For others, like me, faith is a gift given in much less abundance than we would like. For those of this disposition, there is a need to understand the thing we cannot yet grasp. I can’t live with the suggestion — one I’ve actually received, including from a priest — that I should just try not to think about any of this. How can I take this advice, while each day that passes reinforces my profound conviction that what is going on in the Church is deeply, deeply incongruous with what I have always believed?

The twist that has come with the challenges and upheavals the world has faced in 2020 is that Francis and his agenda of devastation under the guise of reform have become less and less significant in our minds as Catholics move to confront real battles much closer to home.

But this pope was never the soul of the thing that has infected the Church. He was only its most potent embodiment. The battle we face over Catholicism is existential. There is a deeper, more ancient evil at work here, and I think that deep down, most of us know it.
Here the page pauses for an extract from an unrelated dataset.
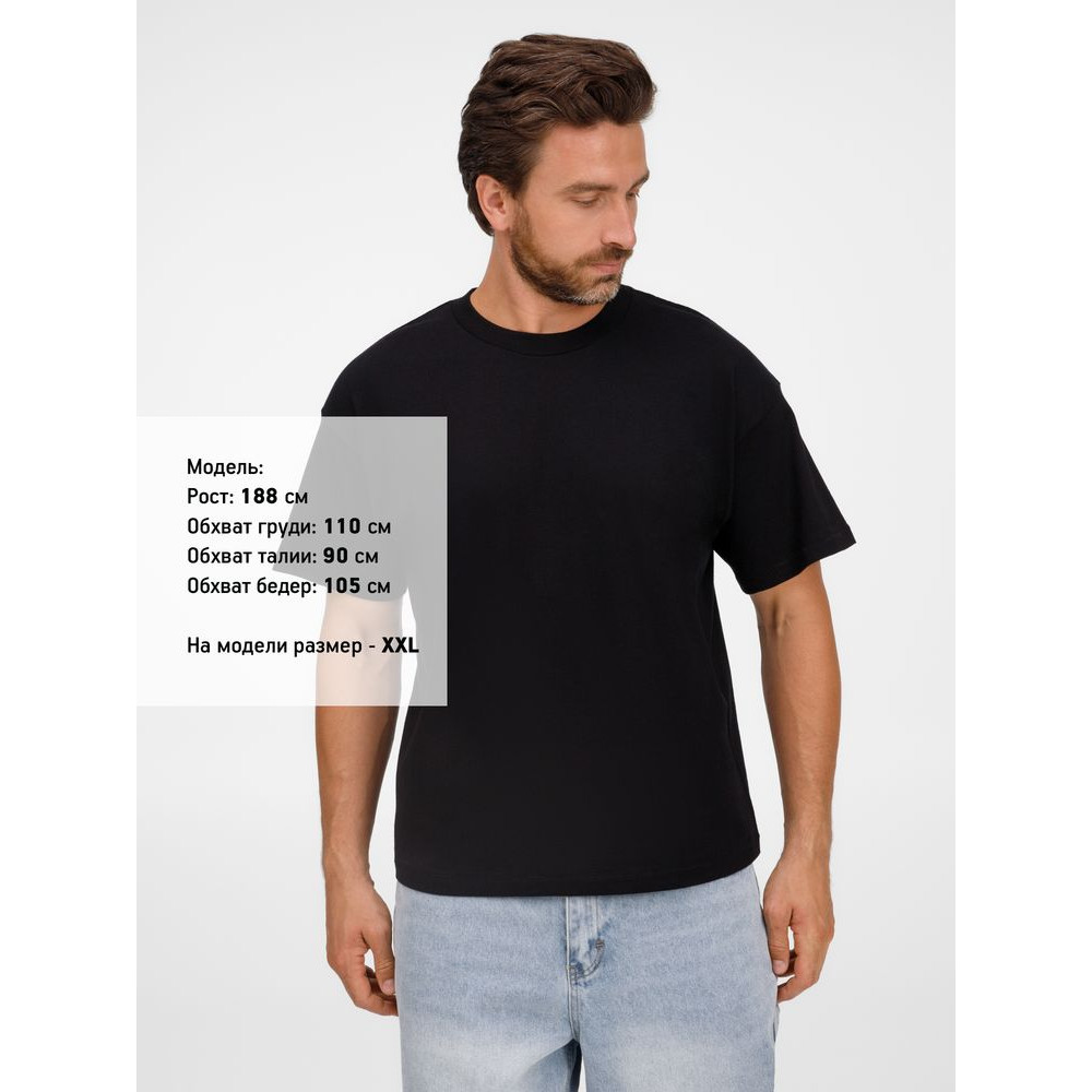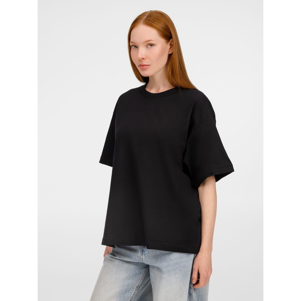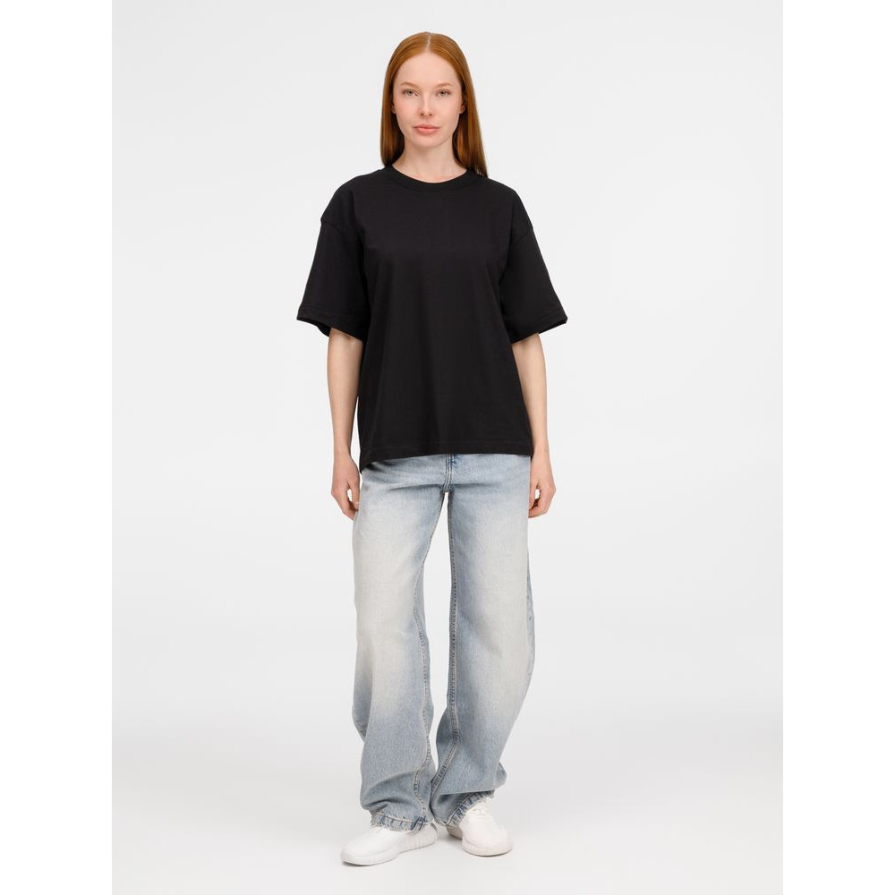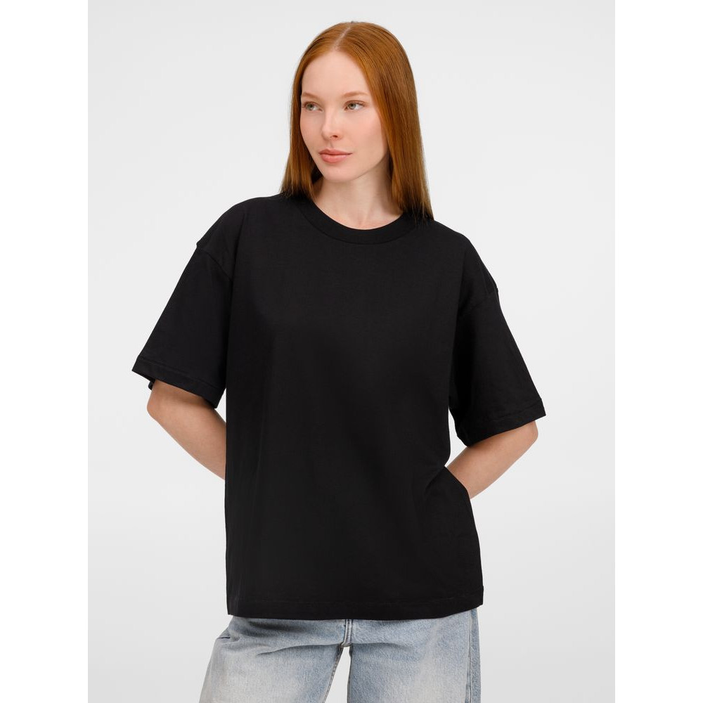 Футболка оверсайз унисекс с круглым вырезом и без боковых швов. Выполнена из смеси переработанного и обычного хлопка. Благодаря повышенной плотности отлично держит форму.
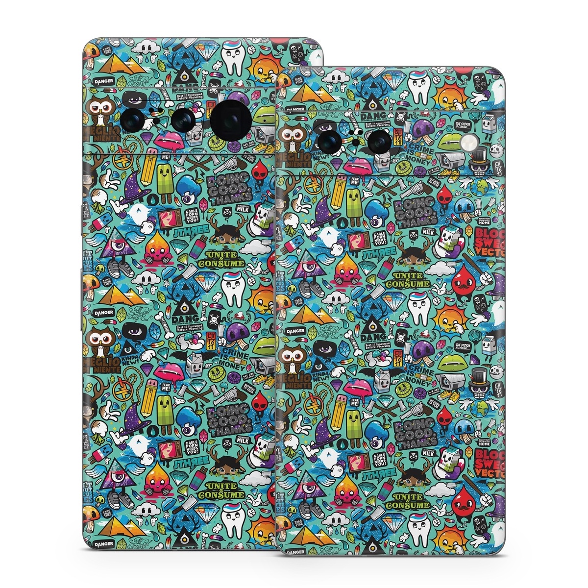 iStyles Google Pixel 7 Series Skin design of Cartoon, Art, Pattern, Design, Illustration, Visual arts, Doodle, Psychedelic art, with black, blue, gray, red, green colors, and tagged with abstract, objects.

We also know that it is not a battle we can actually win. It’s a battle we are mostly powerless to fight at all. The most we can do is pray that God will offer us the mercy of decisive victory. But we know that He moves in His own time, not ours, and only He has the power to defeat such dragons.

And so we sit, wracked with an overpowering sense of urgency, and wait.

This is why, I believe, there is such an escalation in tribal posturing right now, at least within the community of very online Catholics with whom we often find ourselves in discussion. People complaining about infighting among our own should recognize that there is an absolute vacuum of leadership in the Church, and we can do nothing about the corruption in the heart of Catholicism in this vail of tears. So instead, we wind up charging in to fill the gaps, carving out little ideological fiefdoms within the faith, complete with purity tests for prospective members, and we engage in skirmishes over minutiae because it’s something we feel as though we can actually control. All of this is, I think, a manifestation of our helplessness. (It does not actually help.)

We can’t unite, because we have no true leader. We have a common enemy, but not a common cause. And we do not have a unified vision of what the Church on Earth should look like, even if we could wave a magic wand and make it so. The fact that Archbishop Vigano has brought half-century old critiques of Vatican II back to the forefront of Catholic debate, with no resolution in sight, should be evidence enough of this. We have so few truly good bishops in the world, and yet even they can’t agree on this.

It is my conviction that right now, we need to put a premium on broadening the tent and even, where appropriate, lowering the bar for entry. We must bridge the gap wherever possible between the old Church and the new. As carefully as we are able, we should be hammering away at the questions that demand answers. Though circumstances vary, we should strive to persuade more than to admonish, because many are finding their faith in a very fragile state right now, and they don’t need an extra push towards the door. We should absolutely promote those practices within the faith we believe are most efficacious, but have the patience not to demand that others do as we do. We can offer our best positions for consideration, then step back, letting folks know we’re there to help if they want it. It’s a deeply troubling situation, and anywhere we can offer positive, constructive approaches that make people feel they have a safe haven among us is going to help.

And we should remember to do what is perhaps the most seemingly obvious thing, but one which is so easy to forget: ask God, every day, to bring resolution to this mess, and in the interim, to strengthen our faith and help us to find hope, and understanding.